メイドさんの恋愛事情
第0章
「お父さんっ!お母さん!」
ふちに黒いリボンをかけられた写真の中で、幸せそうに笑っているのはあたしのお父さんとお母さん。
「やだあ…っ!お父さんとお母さんを連れていかないで!!」
白い箱に入れられて、車にのせられようとするお父さんとお母さんに必死にしがみつく。
「目覚ましてよぉっ…!あたしを置いていかないで!」
わんわんと泣くあたしを見て、親戚の人達がひそひそと話し出す。
「妃菜ちゃん、まだ5歳なのに。2人とも交通事故なんて…」
「相手の飲酒運転でしょう?本当たちが悪いわね…」
“死ぬ”なんてことがよくわかってない頃だから、あたしにとってお父さんとお母さんが連れていかれるのはすごい恐怖だった。
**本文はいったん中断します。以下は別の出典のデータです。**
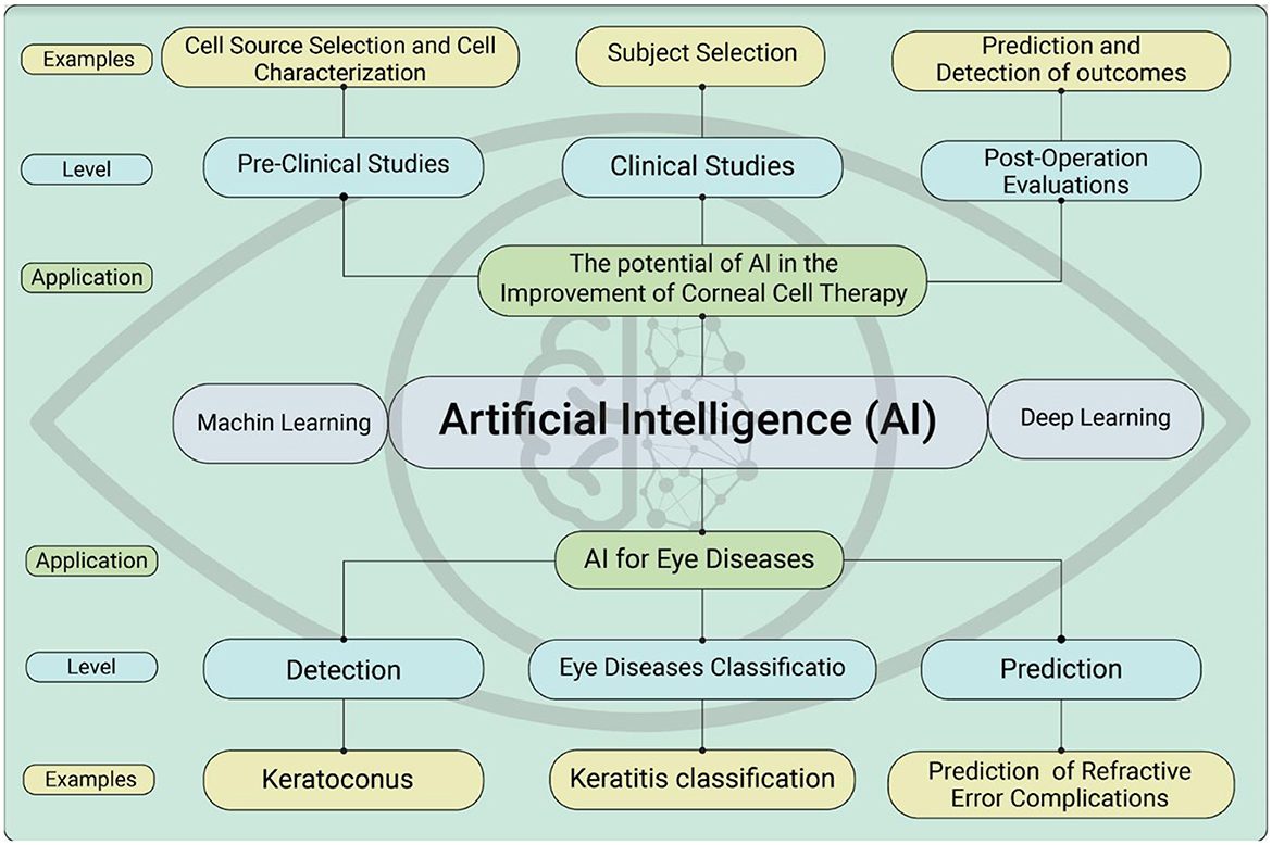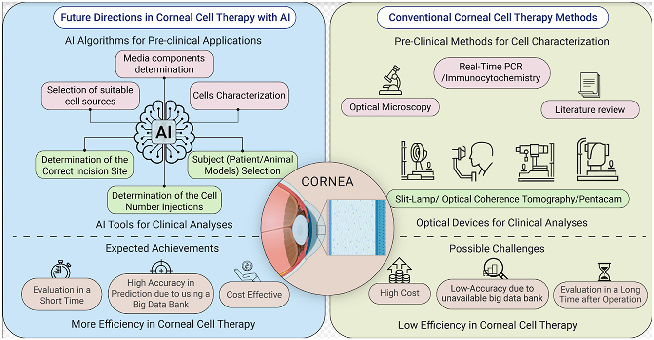 Cell therapy is an emerging medical field that utilizes living cells to address a range of diseases and problems. AI has the potential to speed up the development of cell therapy by supplying insights, forecasts, and optimizations at various stages. For example, AI can help identify new targets for cell treatment by examining extensive genomic, transcriptomic, and proteomic data, and patient-specific details. Using biological and clinical factors, AI can assist in determining the most relevant and achievable targets. Computer algorithms can assist in optimizing the design of cell therapy payloads, including genetic modifications, receptors, and signaling pathways that ensure a cell's functionality and selectivity. AI-based approaches can explore and utilize the extensive design possibilities offered by these modalities, saving time and reducing experimentation costs. Despite ongoing challenges—such as limited and variable data quality, model interpretability and validation hurdles, and ethical considerations—effective use of AI for cell therapy requires robust cross-disciplinary and cross-sector collaboration and dialogue (18, 110, 111). One of the most significant challenges in applying AI is algorithmic bias. Intrinsic biases can emerge during development and clinical deployment, leading to inaccuracies and variability in model outputs. Pinpointing the sources of bias—whether from data sampling, labeling, feature selection, model design, or deployment context—is difficult. If unaddressed, biased AI can drive non-standard clinical decisions and exacerbate healthcare disparities (112, 113). Moreover, the absence of comprehensive and sufficient regulations for overseeing AI development and usage, along with concerns about data safety and transparency, are significant challenges that require special attention (114, 115). Optimized treatment scenarios using AI may be more realistic by encompassing a single treatment option or determining the most effective combination of treatments. For instance, it would be attractive for treatments to be accompanied by an accurately prescribed dosage, which plays a crucial role in evaluating individual therapeutic methods. Employing AI algorithms for personalized corneal cell-based therapies can effectively aid in administering sufficient cell numbers to patients. The exact cell injection location in keratoconic corneas may be detected by AI algorithms. Therefore, these patients might receive sufficient cells at optimized location for improving vision.
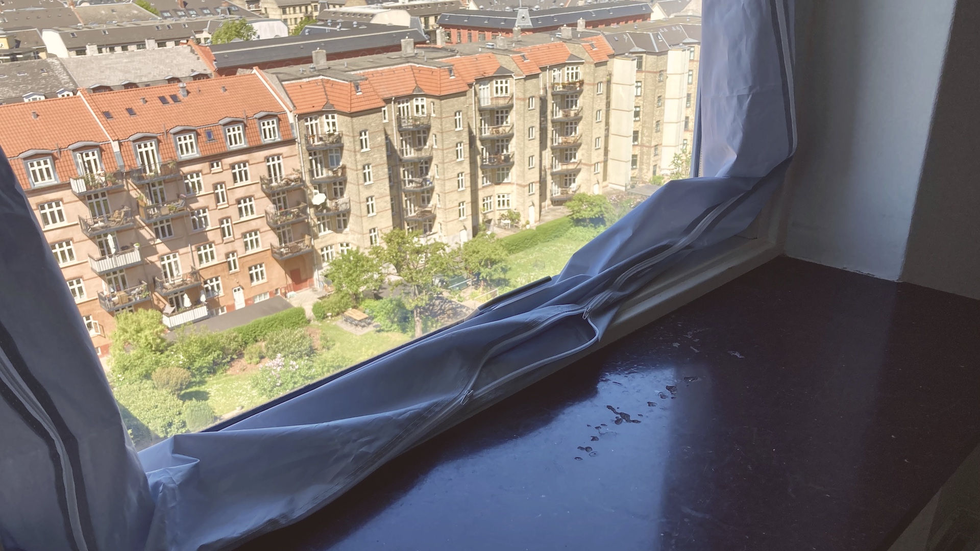 Slangens munstycke monterades i fästet och sattes i springan i det öppna fönstret. Tätningen stängdes sedan med dragkedja. (Foto: Natasja Broström)

「妃菜ちゃん…、お父さんとお母さんにちゃんとお別れしよう?」
あたしの腕をひくのは、お母さんのお兄ちゃん、つまりあたしのおじさん。
「いやだっ!あたしもいっしょに行くっ!ずっといっしょにいるの!」
棺から離れようとしないあたしの手を、おじさんとおばさんがひく。
「妃菜ちゃん、お父さんとお母さんを笑顔で送ってあげよう?お父さんとお母さんは妃菜ちゃんの笑顔が大好きだったんだよ」
おじさんが笑顔でそう言う。
そのときに、おじさんの目からも涙が溢れ出した。
「妃菜ちゃんがおっきくなるのを楽しみにしてたのに…、佳代と幸博くんは…。」
そのときに、悲しんでるのがあたしだけじゃない、ってわかって。
あたしは無理やり笑顔を作った。
「バイバイ、お父さん、お母さん」
この日から、あたしはいつでも笑顔を作れるようになったんだ。